The country of Wakanda serves as the picturesque home of an advanced – and, sadly, fictional – society centered around access to vibranium, another fictional yet hyper powerful metallic substance that provides superhuman abilities to the nation’s citizens. Access to this resource has propelled Wakandan civilization technologically far ahead that of their modern-day peers, akin to having had access to a critical and life sustaining body of water in the context of ancient civilizations. Though Black Panther’s screenwriters could have captured the modernity of Wakanda with a hyper modern, utopian city like those we are used to seeing in film – think of TRON and Star Trek– this city embodies a more realistic future for our own urban spaces. The richly developed scenery incorporates the influence of African history, politics and traditions across the continent. Cities are never going to be built from the ground up; how they exist and operate today will have an important impact on how they develop in the future, so to project what a city might look like, we should not only look forward, but to our own history and development for some clues.

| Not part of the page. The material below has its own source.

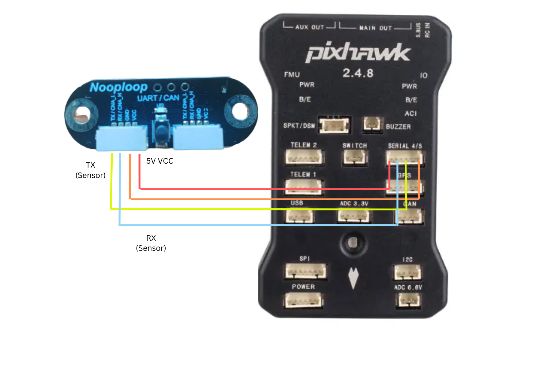 You can use any spare autopilot Serial/UART port. The diagram below shows how to connect to SERIAL4 and the example parameters will be shown assuming this Serial port is used.

The cities of Wakanda excellently capture the dichotomy of city and country we will experience until we have truly populated every corner of the Earth. While there is a bustling metropolis with high tech transportation and crowds of people at the center of the city, on the outskirts, we encounter more traditional agricultural and livestock focused lifestyles. Just as we see today with suburbs surrounding large cities, not everyone has the appetite or need to live in the heart of even the most technologically advanced society. That’s not to say that there can’t be smart towns and smart farms, but we can reasonably expect the “countryside” to continue to exist even in the most technologically advanced societies.

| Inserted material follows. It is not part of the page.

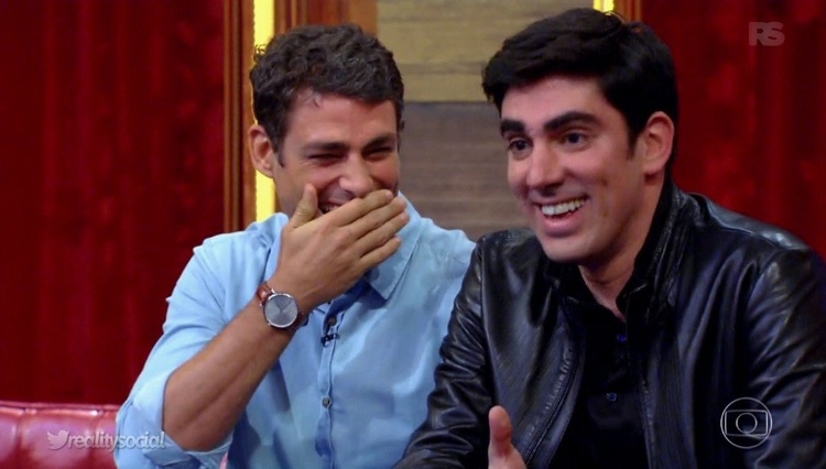O ator se soltou durante conversa com Marcelo Adnet e mostrou o bom humor dando beijinho de esquimó com o apresentador e dançando ao lado de Rodrigo Simas e Ricardo Macchi.

Wakanda also accurately depicts what I expect will be the future of merchants and trade in our future cities as seen in the picture above. Though we tend to envision future cities without street vendors, messy storefront displays or farmers markets, more realistically, these elements of civilization will continue to coexist with more advanced retailers. Even if we ultimately end up buying everything online, there will always be an informal sector trading goods, negotiating and contributing the personal aspect of commerce. Take for example Amazon’s cashierless store in Seattle. This store has proven that with even today’s technology, the shopping experience can be entirely technology directed and doesn’t require any human input or interaction in the process. At the same time, people naturally crave an opportunity to have a conversation with a vendor and know a little bit about what we are buying. Humans are social by nature and even the biggest technological advances will never change our desire to socialize especially in business.
Though it can be tempting to envision future cities with clean streets, a perfect grid system of transport and automated shopping, it’s more likely that we will see something more like Wakanda in the future: a bustling and messy metropolis with history, social spaces and tech enabled interactions.